Русинов взял этот странный гребень, насадил его на руку и вдруг вспомнил, как Авега мечтал о том, чтобы Валькирия позволила расчесать ее волосы. Он хотел этого как высшей награды! Наверное, он знал священность ритуала и мог оценить его. Тут же, когда Ольга спустила с плеч белый медицинский халат и склонила перед ним голову, он чуть не задохнулся от внезапного и неуместного чувства плотской страсти. Щемяще-жгучий ком возник в солнечном сплетении, и оттуда одновременно по всему телу брызнули его лучи, пронзая мышцы судорожным током. Разум не слушался, парализованный, обездвиженный одним стремлением – жаждой обладать… нет, владеть ею! Рука с гребнем зависла над волосами, рассыпанными по обнаженным плечам; другая же, помимо воли, коснулась ее спины, и золотистая, шелковая кожа, ощущаемая кончиками пальцев, отдалась сладкой, ноющей болью в суставах.

– Валькирия, – вымолвил он одеревеневшими губами.

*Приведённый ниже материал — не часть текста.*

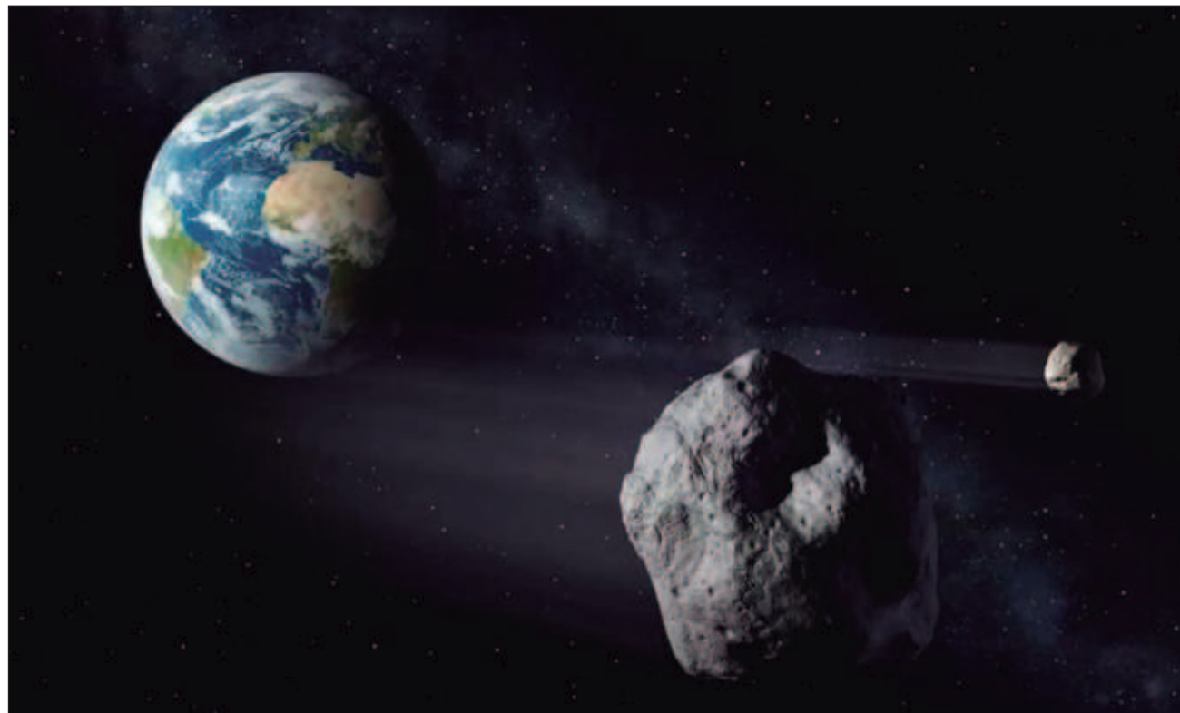
▲ La agencia estadounidense confirmó que el cuerpo especial pasará “con seguridad” al lado de la Tierra en 2032 y aumentó la probabilidad de impacto directo a la Luna a 1,7%, aunque señaló que este sigue siendo un valor “muy pequeño”.

“Las últimas observaciones han reducido aun más la incertidumbre de su futura trayectoria, y el rango de posibles localizaciones en las que podría estar el asteroide el 22 de diciembre de 2032 se ha

Она видела и чувствовала, что с ним происходит, но оставалась холодной и, даже напротив, леденела еще больше. Его прикосновения вызывали боль, как было уже, когда она, отдавшись солнцу, спалила себе кожу. Однако при этом она не отстранила его руки, а лишь попросила слабым, утомленным голосом:

– Расчеши мне волосы… Голову мою расчеши.

Дрожащей рукой, скованной гребнем, он дотронулся до волос и бережно-неумело потянул сквозь золотые зубья первую прядь – от виска к плечам.

– Не дай упасть волоску…

– Не бойся, – задыхаясь, проговорил он. – Ни одного не уроню…

Спутанные, влажные волосы мягко скользили между зубьев и между пальцев, продетых в отверстия, – странный этот гребень был специально так и устроен! Не золотом, но рукою расправлял он поникшие космы! И вдруг почувствовал, как эта неуемная страсть – дрожащее напряжение и сладкая боль в солнечном сплетении – побежала по руке, по пальцам и через них стала вливаться в пряди волос. Едва касаясь, он проводил рукой лишь один раз, однако волосы ее мгновенно оживали, начинали искриться под пальцами, распушаться, делаясь легкими, почти невесомыми. И это чудесное их перевоплощение наполняло радостью, кажется, большей, чем соитие, чем желание владеть ею!

В мгновение ему вдруг стали ясны и понятны смысл и суть сообщающихся сосудов: он отдавал ей ту часть энергии, которую получил, приложившись к груди матери-кормилицы. Но отдавал ее уже в ином виде, в том, который был необходим для женщины, чтобы зажечь свет волос и меркнущих глаз.